Despite a solid 6% earnings beat so far, equity investors aren’t celebrating. In fact, most companies that reported have seen their shares fall the next day. Morgan Stanley research lead by equity strategist Michael Wilson, suggests that the disconnect is due to lingering trade tensions, tighter liquidity, and a slowdown in earnings revisions, all of which are keeping markets on edge.
The S&P 500 SPX is still fairly valued, but the path forward looks bumpy, according to the strategists. They say that we’re in an early-cycle recovery, but warn that the market needs three things to stabilize: a clear de-escalation in the trade situation, steadier earnings forecasts, and more liquidity in the system. Without these, the risk of a near-term correction remains elevated.
The market has been jumpy. On Friday, the CBOE market volatility index VIX, often referred to as the market’s fear gauge, spiked to its highest level since April before easing during the session and falling again on Monday.
Analysts have started cutting earnings forecasts, and even companies that beat expectations are often not seeing their stock prices rise. Only 38% of S&P 500 firms have seen their shares go up the day after reporting. Morgan Stanley also notes that the gap between winners and losers is widening, making it harder to rely on the overall index.

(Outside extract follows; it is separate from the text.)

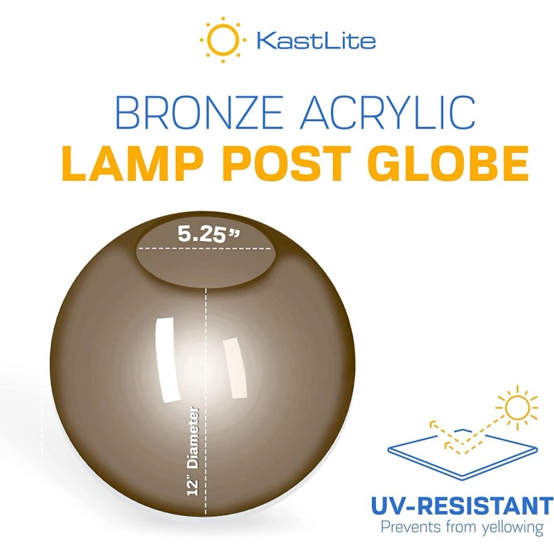 KastLite 12" Bronze Acrylic Lamp Post Globe | 5.25" Neckless Opening

So, with macro signals mixed and index-level gains stalling, investors are increasingly focused on company-level fundamentals.
The strategists note that stock-specific risk has risen sharply, and dispersion in earnings revisions breadth has surged, which they see as a hallmark of environments where active stock selection can shine. Until broader macro conditions improve, the market may remain range-bound, with elevated volatility and rotating leadership.

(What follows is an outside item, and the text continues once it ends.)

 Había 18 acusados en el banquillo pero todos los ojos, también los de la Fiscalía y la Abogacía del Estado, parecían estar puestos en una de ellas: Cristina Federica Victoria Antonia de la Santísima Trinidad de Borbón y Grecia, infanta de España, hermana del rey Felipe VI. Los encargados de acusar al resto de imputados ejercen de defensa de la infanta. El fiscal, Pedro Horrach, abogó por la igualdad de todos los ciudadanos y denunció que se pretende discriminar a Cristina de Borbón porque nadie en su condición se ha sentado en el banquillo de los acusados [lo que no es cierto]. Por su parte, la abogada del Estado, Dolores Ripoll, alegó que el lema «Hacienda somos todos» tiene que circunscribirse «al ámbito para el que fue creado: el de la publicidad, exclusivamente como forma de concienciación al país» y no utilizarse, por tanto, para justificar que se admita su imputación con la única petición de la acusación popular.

In this environment, companies with resilient earnings and strong revisions momentum are best positioned to outperform. Morgan Stanley’s “Fresh Money Buy List” highlights names like AbbVie ABBV , Northrop Grumman
NOC , and Walmart
WMT, all rated Overweight, citing solid fundamentals and attractive upside potential.
In short, the index may be stuck in neutral, but under the hood, there’s plenty of movement. As a result, the strategists say that for active investors, this could be a moment to shine.